The US dollar fell on Friday, easing from a roughly two-month high against the yen touched in the prior session and slumping against the euro, after weaker-than-expected US economic data raised doubts about whether the Federal Reserve will assume a hawkish bent through the end of the year. The US core CPI increased 1.9 percent year-on-year in April, the smallest gain since October 2015, after rising 2.0 percent in March.
Economists polled by Reuters expected the inflation measure to remain at 2 percent. Federal funds futures implied traders saw about a 49 percent chance the Fed would increase rates twice by the end of 2017, compared with 54 percent shortly before the release of the latest readings on US store sales and the consumer price index, CME Group's FedWatch program showed.

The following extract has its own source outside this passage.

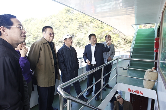 11月2-3日,全国政协常委、人口资源环境委员会主任贾治邦,副主任张基尧、凌振国率调研组一行在国家林业局陈凤学副局长、浙江省政协陈艳华副主席的陪同下专程赴千岛湖视察调研新安江流域资源环境保护建设工作,并视察了集团公司所属千岛湖发展集团公司(以下简称千发公司)。

"It's building on a theme of the last several months which is the actual inflation prints on the core are very non-threatening," said Richard Franulovich, senior currency strategist at Westpac Banking Corp in New York, in reference to the core CPI reading. The euro rose as much as 0.6 percent against the dollar to a session high of $1.0928. The euro had fallen to a more than two-week low on Thursday of $1.0838. The dollar fell as much as 0.6 percent against the yen to a session low of 113.21 yen after hitting a roughly two-month high of 114.36 yen on Thursday. The dollar index, which measures the greenback against a basket of six major rivals, was last down 0.4 percent at 99.265 . It was still on track to gain about 0.6 percent for the week to notch its first gain in five weeks.